- [Work required]: Without carrying over a single picture, write out the records below exactly.

#####

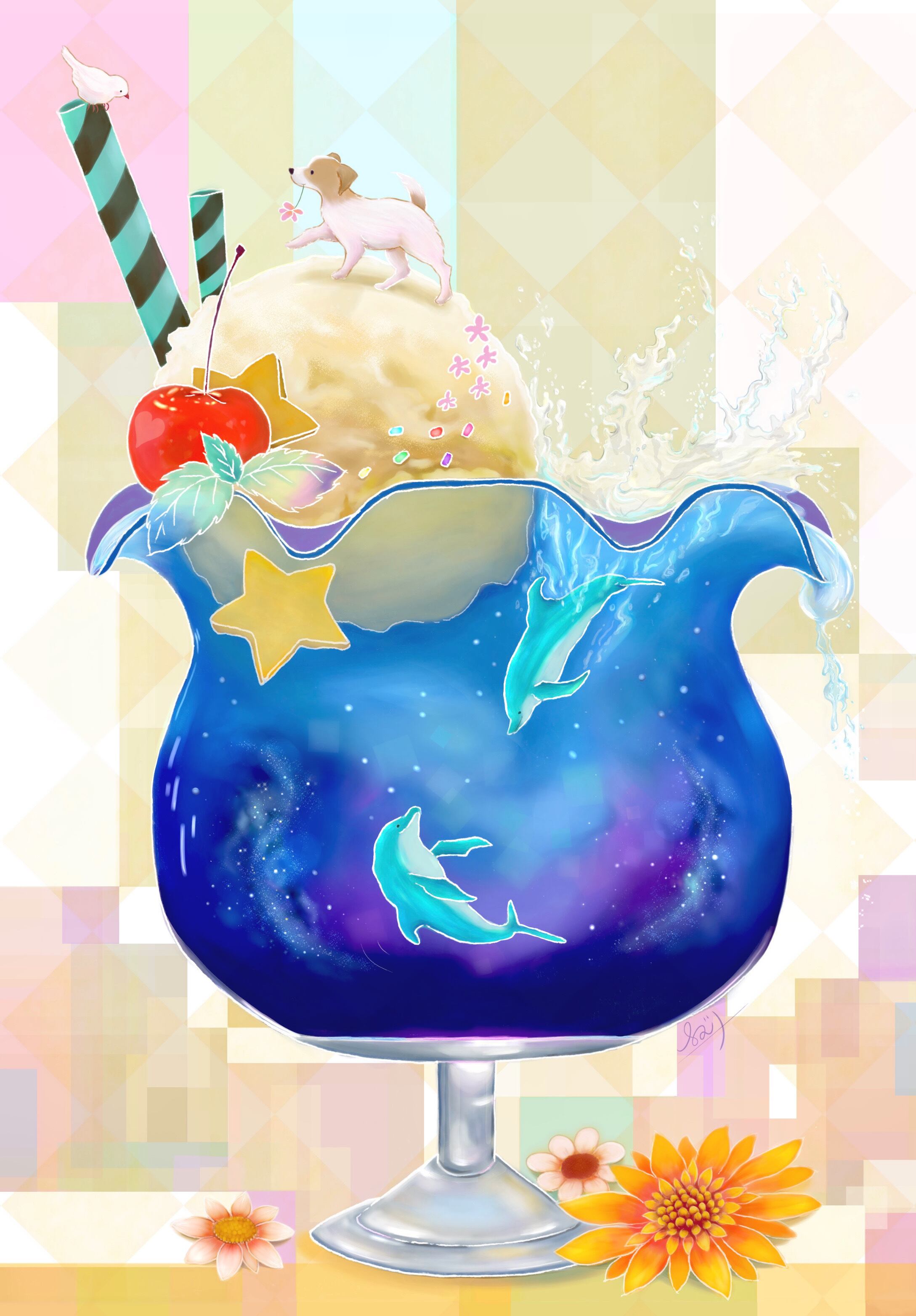 夜空に輝く星たち、泳ぎ遊ぶイルカ、甘く楽しいクリームソーダ、華やかで幻想的なワクワクを詰め込みました✨
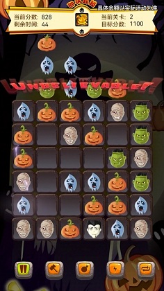 下班回家坐公交,或者在动车高铁上,自己处于休闲时刻最好玩什么,当然玩休闲类的游戏来消磨时光。万圣夜消消乐这是一款万圣节主题的消除闯关游戏,游戏继承了非常经典的相通图案消除玩法,玩家需要在指定的时间内,将万圣南瓜头通通消除,消除的南瓜头越多,那么最后的得分也会越高,游戏过程中还会时不时掉落超强道具,玩家一定要把握好机会得到它们,这些道具能够帮助你更快的进行闯关。
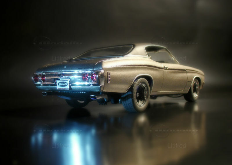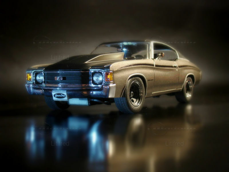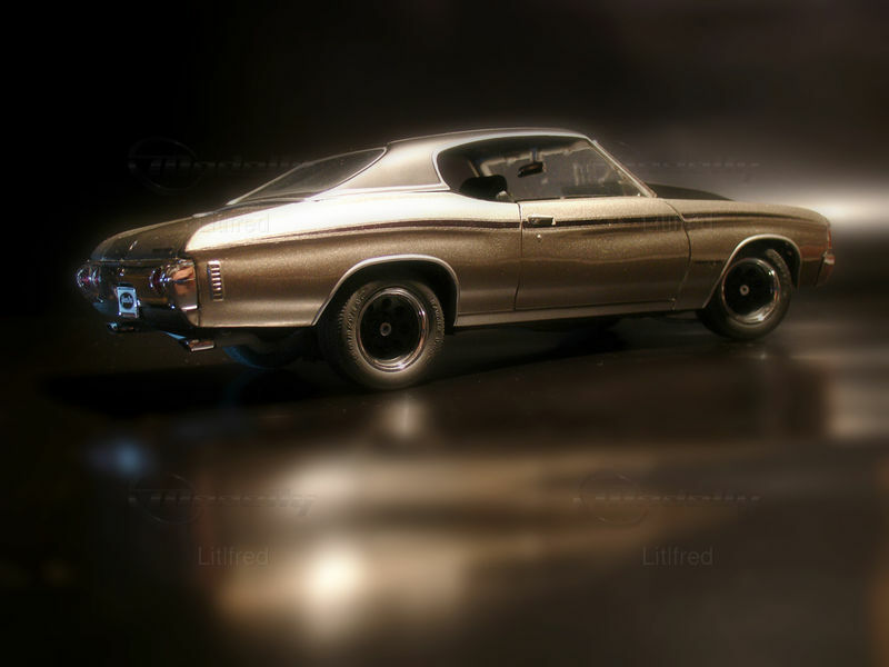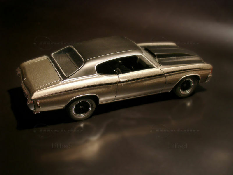 The model shown here is based on a Chevrolet Chevelle Heavy Chevy and showcases the features of this classic car in 1/18 Scale. Originally produced by Maisto, the piece displayed here has been modified by Modelly member "Litlfred." It does not represent the exact product produced by Maisto but exemplifies the detailed execution and specific modifications cherished by model car enthusiasts worldwide.
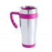 Dubbelwandige Stainless Steel thermobeker. Deze koffiebeker is ideaal voor onderweg. De inhoud is 450 ml. Voorzien van een kunststof handvat in verschillende kleuren. We kunnen de beker van uw logo voorzien d.m.v. een lasergravure op de zijkant van de mok. Indien u de mok zonder opdruk wilt bestellen dan kan dat vanaf 50 stuks.
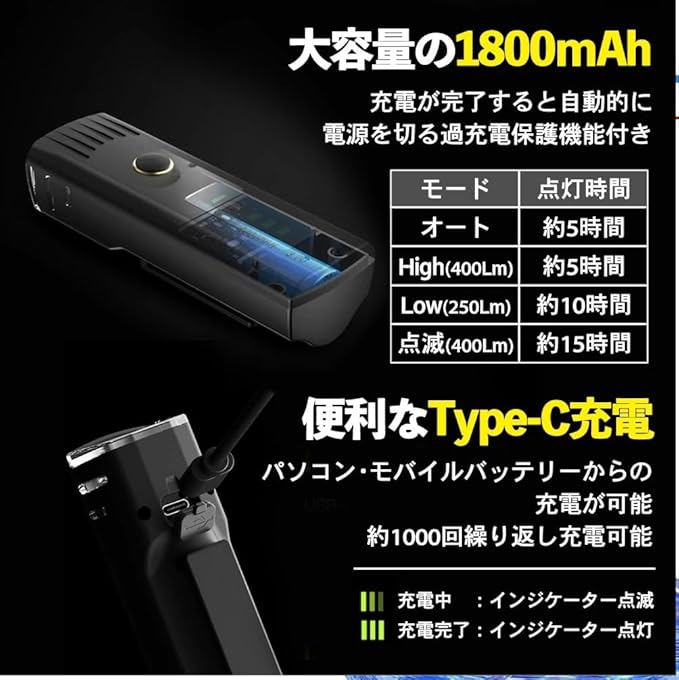 【充電式】3時間で充電完了できます。1回の充電で最大72時間利用可能!スイッチ部に電池残量を知らせる3つインジゲータが搭載ので、充電中と走行中であっても、残り電量、後どのくらいで充電が必要かが判断しやすい。使用時間3-15時間。Type-C充電
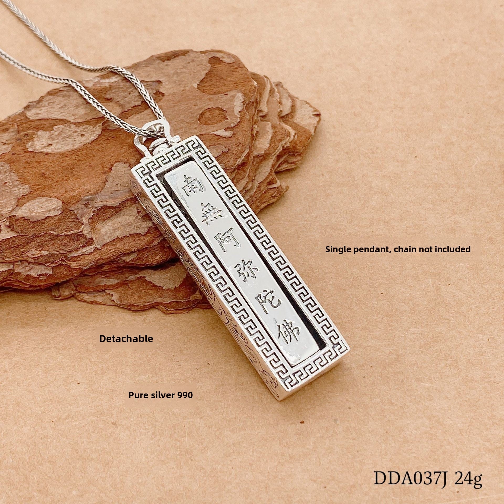 - Crafted with precision and care, the sterling silver pendant shines with a lustrous glow. The intricate detailing of the ancient scriptures adds a touch of sophistication and charm.
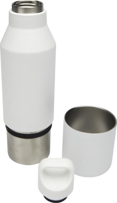RCS sertifikaadiga roostevabast terasest kahekordse seinaga vasest isoleeritud pudel koos eemaldatava tassiga. See mitmeotstarbeline pudel sobib seljakoti küljetaskusse ja sellel on mugav kandesang, mis on integreeritud korgiga. Vastupidav jõukate välisküljel. Hoiab joogid kuumana 12 tundi või külmana 24 tundi. Esitatakse taaskasutatud papist kinkekarbis. Pudeli maht: 600 ml. Tassi mahutavus: 300 ml.
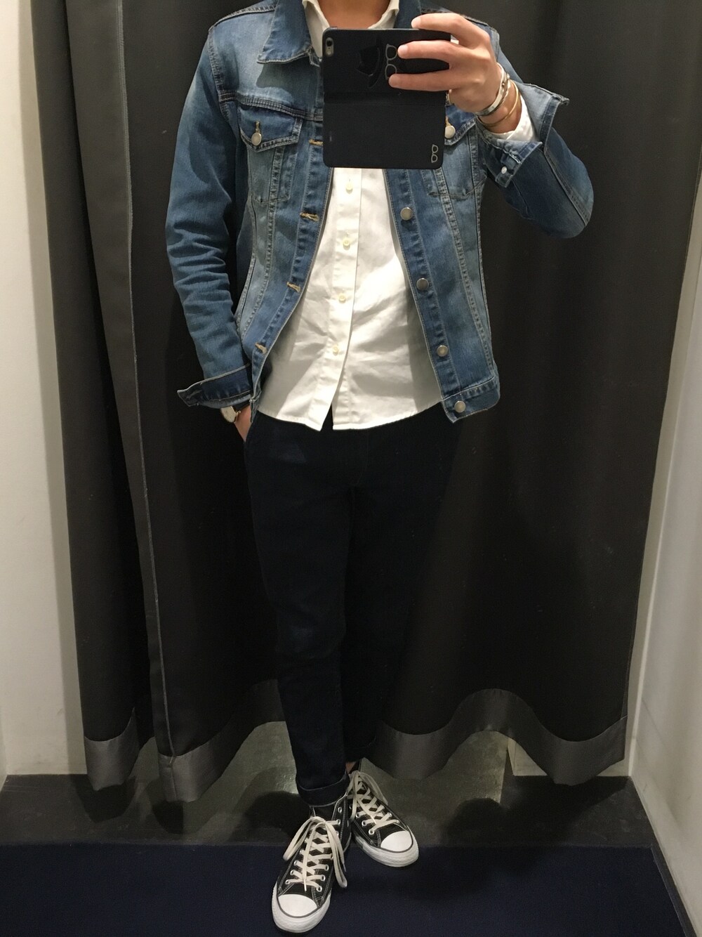 今日から地獄の12連勤…… しんどい…… GW悪魔や…… めちゃめちゃ見づらいけどパンツはインディゴのチノで履きやすいし結構気に入ってる😑
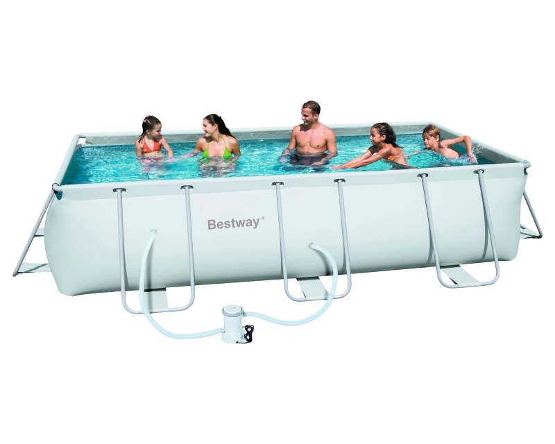 Каркасный бассейн 404х201х100 см Бассейн каркасный Bestway 56251 - замечательный прямоугольный бассейн для всеё семьи. Каркасный бассейн состоит из металлического каркаса и мягкой чаши бассейна из армированого трехслойного ПВХ, которая надежно защищает его от протеканий и повреждений. В комплект входит: Картриджный фильтующий насос Bestway 58148 производительностью 2000 л/ч. Руководство по установке на DVD.

#####

- [Your response]:
 夜空に輝く星たち、泳ぎ遊ぶイルカ、甘く楽しいクリームソーダ、華やかで幻想的なワクワクを詰め込みました✨
 下班回家坐公交,或者在动车高铁上,自己处于休闲时刻最好玩什么,当然玩休闲类的游戏来消磨时光。万圣夜消消乐这是一款万圣节主题的消除闯关游戏,游戏继承了非常经典的相通图案消除玩法,玩家需要在指定的时间内,将万圣南瓜头通通消除,消除的南瓜头越多,那么最后的得分也会越高,游戏过程中还会时不时掉落超强道具,玩家一定要把握好机会得到它们,这些道具能够帮助你更快的进行闯关。
 The model shown here is based on a Chevrolet Chevelle Heavy Chevy and showcases the features of this classic car in 1/18 Scale. Originally produced by Maisto, the piece displayed here has been modified by Modelly member "Litlfred." It does not represent the exact product produced by Maisto but exemplifies the detailed execution and specific modifications cherished by model car enthusiasts worldwide.
 Dubbelwandige Stainless Steel thermobeker. Deze koffiebeker is ideaal voor onderweg. De inhoud is 450 ml. Voorzien van een kunststof handvat in verschillende kleuren. We kunnen de beker van uw logo voorzien d.m.v. een lasergravure op de zijkant van de mok. Indien u de mok zonder opdruk wilt bestellen dan kan dat vanaf 50 stuks.
 【充電式】3時間で充電完了できます。1回の充電で最大72時間利用可能!スイッチ部に電池残量を知らせる3つインジゲータが搭載ので、充電中と走行中であっても、残り電量、後どのくらいで充電が必要かが判断しやすい。使用時間3-15時間。Type-C充電
 - Crafted with precision and care, the sterling silver pendant shines with a lustrous glow. The intricate detailing of the ancient scriptures adds a touch of sophistication and charm.
RCS sertifikaadiga roostevabast terasest kahekordse seinaga vasest isoleeritud pudel koos eemaldatava tassiga. See mitmeotstarbeline pudel sobib seljakoti küljetaskusse ja sellel on mugav kandesang, mis on integreeritud korgiga. Vastupidav jõukate välisküljel. Hoiab joogid kuumana 12 tundi või külmana 24 tundi. Esitatakse taaskasutatud papist kinkekarbis. Pudeli maht: 600 ml. Tassi mahutavus: 300 ml.
 今日から地獄の12連勤…… しんどい…… GW悪魔や…… めちゃめちゃ見づらいけどパンツはインディゴのチノで履きやすいし結構気に入ってる😑
 Каркасный бассейн 404х201х100 см Бассейн каркасный Bestway 56251 - замечательный прямоугольный бассейн для всеё семьи. Каркасный бассейн состоит из металлического каркаса и мягкой чаши бассейна из армированого трехслойного ПВХ, которая надежно защищает его от протеканий и повреждений. В комплект входит: Картриджный фильтующий насос Bestway 58148 производительностью 2000 л/ч. Руководство по установке на DVD.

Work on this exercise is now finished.